= Community-engaged research =

Community-engaged research (CEnR) is the process of working collaboratively with groups of people affiliated by geographic proximity, special interests, or similar situations with respect to issues affecting their well-being. One of the most widely used forms of community-engaged research is community-based participatory research (CBPR), though it also encompasses action research and participatory action research. Another form of community-engaged research is integrated knowledge translation (iKT), defined as "an approach to doing research that applies the principles of knowledge translation to the entire research process". The iKT evolves around the concept of engaging different levels of knowledge users (community members, organizations working in the community, and policy makers) as equal partners in the research activities so that research outputs are more relevant to, and more likely to be useful to, the knowledge users.

== History ==
Community-engaged research arose in response to historical abuse of marginalized people by researchers, who failed to consider the needs of the community and potential benefits of the research.
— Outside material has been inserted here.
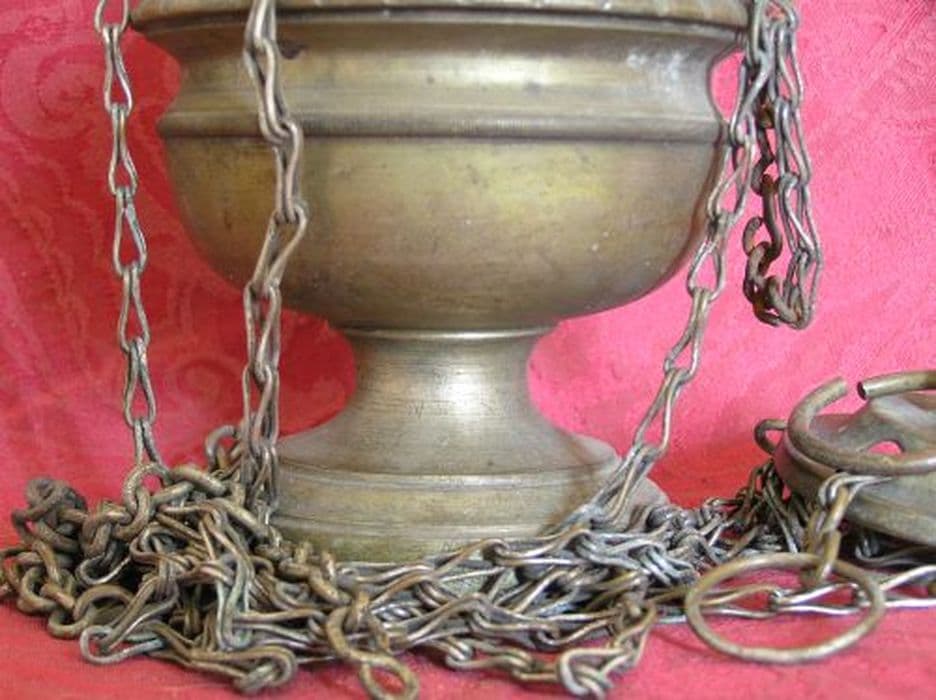 Encensoir en laiton argenté. Pied uni rond. Cuve unie. Cheminée à la bordure festonnée, redent percé d’orifices circulaires, redent supérieur uni. Chapeau rond percé de languettes ovales.

Types of CEnR include action research, community-based participatory research (CBPR), and participatory action research (PAR). The field of CEnR has grown rapidly since 2005.

== Process ==
Community-engaged research is planned in partnership with the community that is the intended target of the research. It requires the development of partnerships between researchers and the community, cooperation and negotiation between parties, collaboration, and a commitment to addressing local health concerns. This can create additional steps not traditionally found in research projects, such as jointly creating a mission statement or a memorandum of understanding to establish terminology, timelines, and expectations. These planning steps typically occur before funding is secured for the research project so that a meaningful and trusting relationship is the platform for the research activities. Community members may be skeptical of research conducted without compensation; researchers and the community can collaborate to define fair compensation for participation. The researchers also can involve the community members in the research activities and ensuring community member capacity building needs.

CEnR projects exist along a spectrum of the level of community involvement. In order from least- to most-involved, examples are investigator-driven research, community-placed research, community-based research, community-based participatory research, and community-driven research.

== Scope ==
Reviews of community-engaged research indicate that this type of research predominantly occurs in the US and the Americas. Europe is represented chiefly by studies in the United Kingdom, and some studies have been conducted in Australia as well. Few reviews of community-engaged research have included work done in Africa or Asia.